◆ **Task to carry out**
What you return should be the lines from the one with "Total, operator of" through the one with "个键和M个子树。 使用B树的" in the data below, reproduced exactly with both ends, and no pictures at all.

◆ **Available data**
####
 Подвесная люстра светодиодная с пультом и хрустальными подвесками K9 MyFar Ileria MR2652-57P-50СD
####
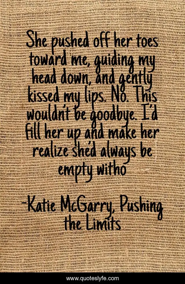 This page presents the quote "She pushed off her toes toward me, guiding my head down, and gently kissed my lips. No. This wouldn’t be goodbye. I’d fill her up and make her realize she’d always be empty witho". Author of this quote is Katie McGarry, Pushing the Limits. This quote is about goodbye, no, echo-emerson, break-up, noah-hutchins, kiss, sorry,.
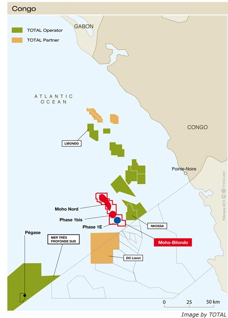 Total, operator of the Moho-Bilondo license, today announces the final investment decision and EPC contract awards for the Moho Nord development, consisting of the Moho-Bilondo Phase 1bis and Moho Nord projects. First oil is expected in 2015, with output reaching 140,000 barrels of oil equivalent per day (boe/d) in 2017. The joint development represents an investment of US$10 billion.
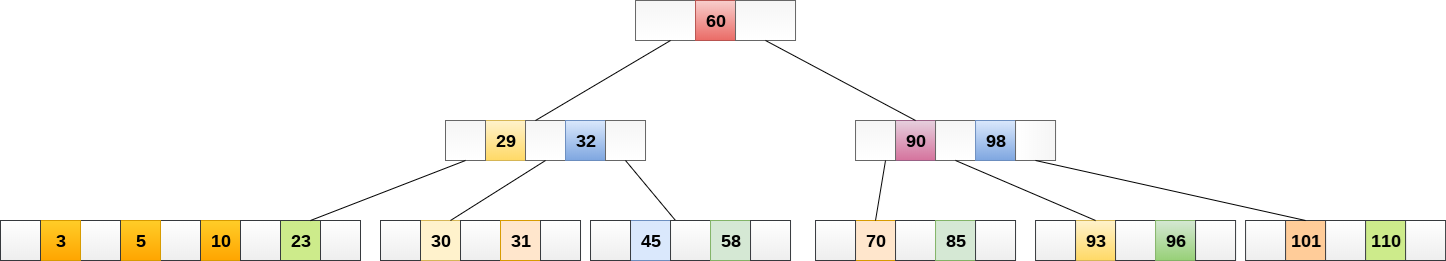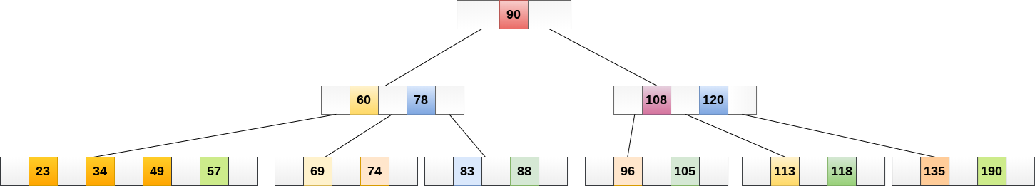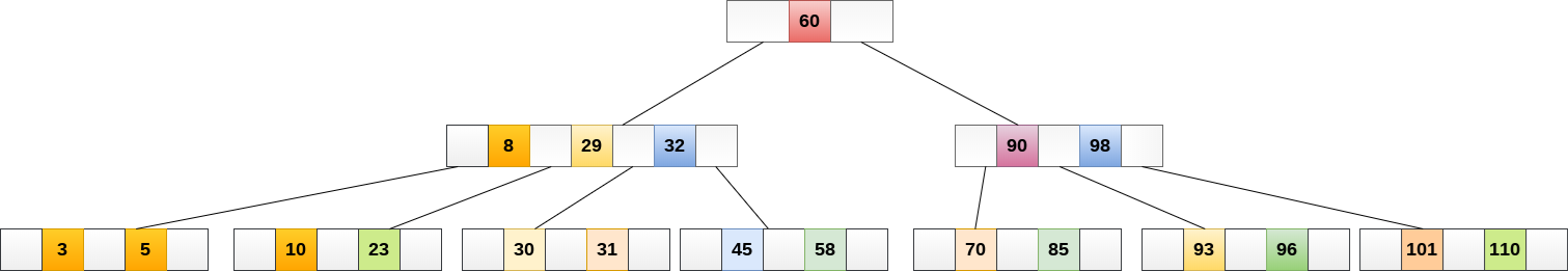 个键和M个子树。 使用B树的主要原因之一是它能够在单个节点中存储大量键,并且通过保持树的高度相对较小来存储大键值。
####
◆ **Final answer**
 Total, operator of the Moho-Bilondo license, today announces the final investment decision and EPC contract awards for the Moho Nord development, consisting of the Moho-Bilondo Phase 1bis and Moho Nord projects. First oil is expected in 2015, with output reaching 140,000 barrels of oil equivalent per day (boe/d) in 2017. The joint development represents an investment of US$10 billion.
 个键和M个子树。 使用B树的主要原因之一是它能够在单个节点中存储大量键,并且通过保持树的高度相对较小来存储大键值。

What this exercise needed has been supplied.